Calculate the number of C, H, and O atoms in 4.50 g of glucose (C6H12O6), a sugar.
okay i did it and i got just the C right and not the H and O
help?
ok.
4.50 g x (1 mol/180.156 = 0.02498 mols C6H12O6.
atoms C = 6*0.02498*6.02 x 10^23 = 9.022 x 10^22 which rounds to 9.02 x 10^22.
atoms H = 12*0.02498*6.02 x 10^23 = 1.8044 x 10^23 which rounds to 1.80 x 10^23.
atoms O = same as atoms C.
You method is ok. I suspect, without knowing, that our answers are just a little apart because you probably rounded mols to 0.0250 from your first calculation, then used that for the remaining work.

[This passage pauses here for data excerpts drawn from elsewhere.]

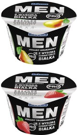 Z kolei Bakoma, oferująca jogurty Men w butelce i kubeczku zwraca uwagę, że białko odgrywa ważną rolę w diecie mężczyzny. Skierowany do mężczyzn produkt ma poprzez zawarte w nim białko pomagać w utrzymaniu odpowiedniej masy mięśniowej, jak również zapobiegać nadmiernemu przybieraniu na wadze. Bakoma punktuje: białka pełnią podstawowe funkcje budulcowe w naszym organizmie, są podstawową strukturą wszystkich żywych komórek. Białka z jogurtów Men są niezbędne w codziennej diecie, a aminokwasy, których dostarczają, pozwalają na bieżąco odbudowywać proteiny organizmu. Produkt dostępny jest o smakach truskawkowym, gruszkowym i morelowym (kubeczek) oraz owoców leśnych (butelka).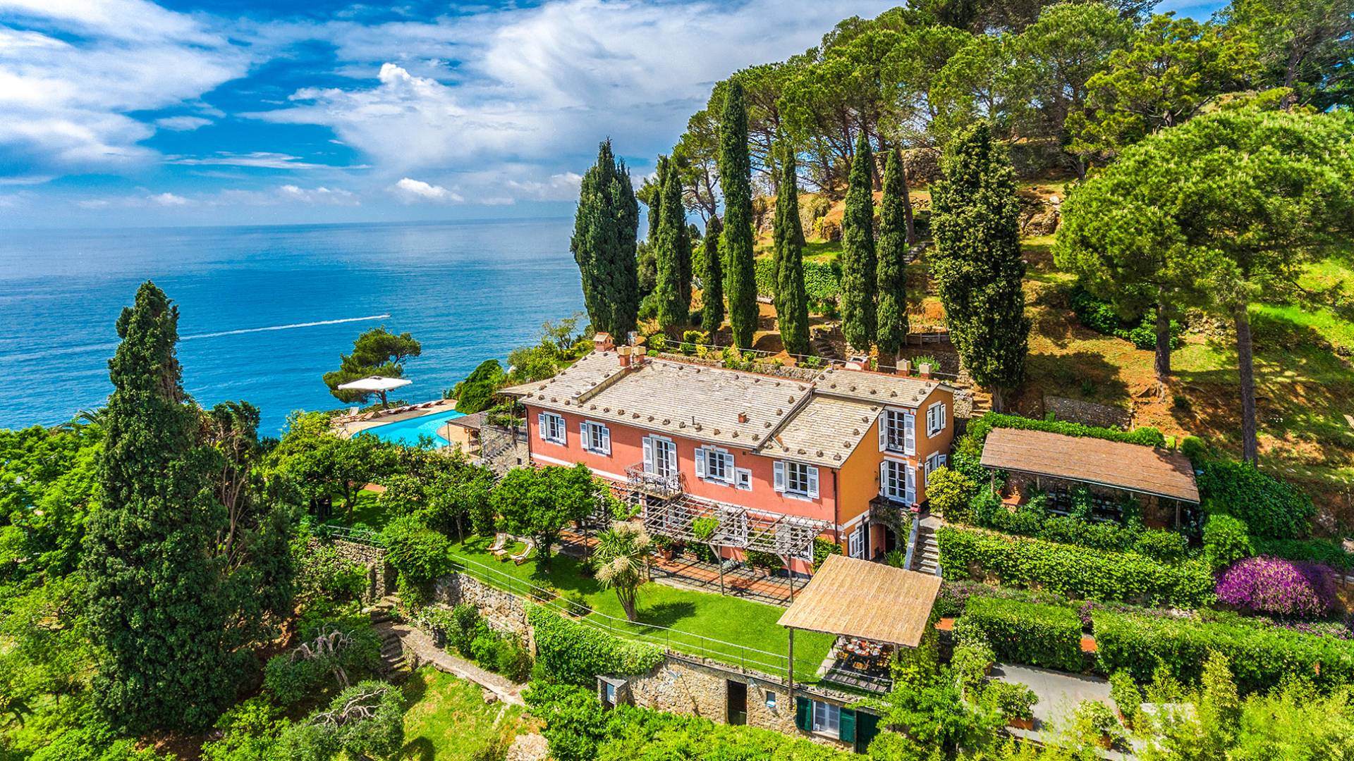 Der Zugang zum Anwesen ist unglaublich unkonventionell, aber fantastisch: Die Gäste wagen sich 200 Meter (656 Fuß) in einen Tunnel, der in den Meeresfelsen von Portofino gebohrt wurde, dann bringt ein Aufzug (Aufzug) die Gäste zum 80 Meter langen Eingangstor (262 Fuß) hoch. Ein Weg durch einen beeindruckenden Garten führt zu dem auf drei Ebenen gebauten Haus (ca. 60 Stufen). Wie es sich für eine Immobilie dieser Größe gehört, wurden die Innenräume durchweg mit großartigen Möbeln exquisit ausgestattet.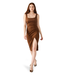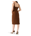 The Milo Dress features a square neck, sleeveless, back zipper closure and faux suede fabric, pleated gather at one hip, slit at side skirt.

However, I left the answer in my calculator and multiplied by 6, then by 6.02 x 10^23, read the final answer and rounded that. If you are typing your answer in to a computer base to check your answers, try the ones I calculated and see if that is the problem. The computer may not accept 9.03 instead of 9.02 and 1.81 instead of 1.80.
Show what you did (include the C please) and I will try to find the error.
okay first i found C6H12O6=180.156g/mole
then i changed 4.50g to moles by mult. by the 180.156g/mole and got .0250 mole
then for the C i did .0250 x 6
for H .0250 x 12
and for O .0250 x 6
then i multiplied all of them by 6.022e23atoms/mole
i got 9.03e22 for C and its right
1.81e23 for H and its wrong
9.033e22 and its wrong...
molar mass C6H12O6 is ok.
The first error is to convert grams to mols you DIVIDE.
mols = grams/molar mass.
The remainder of the procedure looks ok at first glance. Let me know if you don't get the right answer.